TASK TO CARRY OUT:
Would you return the data exactly as given, except for its pictures?

AVAILABLE DATA:
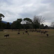 浮見堂を見学したあと、道路を渡って東側にいくと拓けた芝生のエリアがあります。鹿寄せなどが行われるエリアで、通常の時期でも鹿がたくさんいました。春日大社に行く際は参道より、こちらから行った方が見学スポットがあると思います。
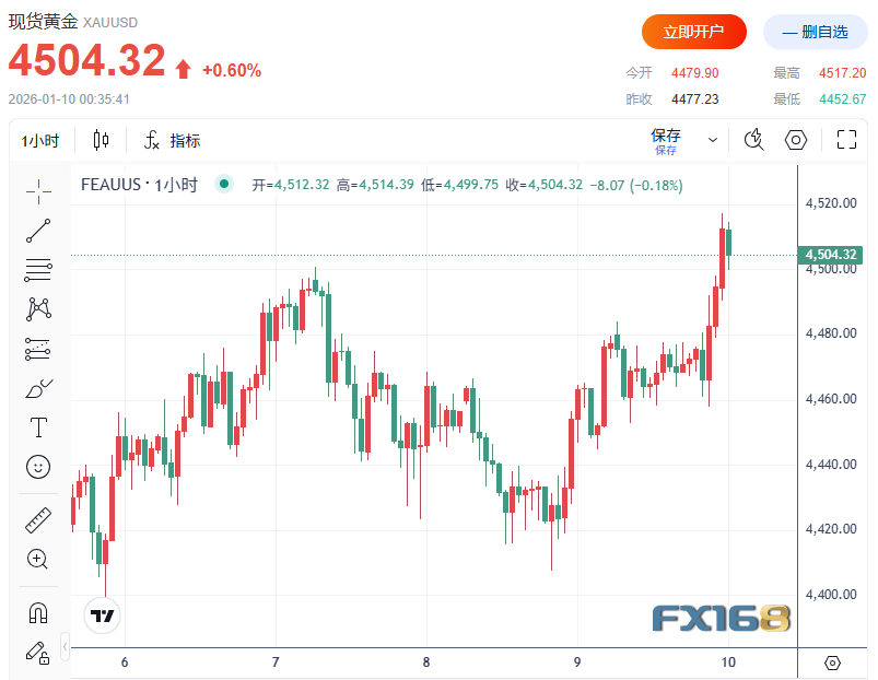 非农报告公布后,现货黄金一度跌至4457美元/盎司一线,随后持续自低位反弹,并在消费者信心数据公布后刷新日高至4,517.20美元/盎司,本周累计涨幅预计约为3.8%。金价曾于12月26日触及历史高点4,549.71美元/盎司。
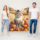 Turkish Angora Cat Autumn Leaves Thanksgiving Art Fleece Blanket

OUTPUT BELOW:
 浮見堂を見学したあと、道路を渡って東側にいくと拓けた芝生のエリアがあります。鹿寄せなどが行われるエリアで、通常の時期でも鹿がたくさんいました。春日大社に行く際は参道より、こちらから行った方が見学スポットがあると思います。
 非农报告公布后,现货黄金一度跌至4457美元/盎司一线,随后持续自低位反弹,并在消费者信心数据公布后刷新日高至4,517.20美元/盎司,本周累计涨幅预计约为3.8%。金价曾于12月26日触及历史高点4,549.71美元/盎司。
 Turkish Angora Cat Autumn Leaves Thanksgiving Art Fleece Blanket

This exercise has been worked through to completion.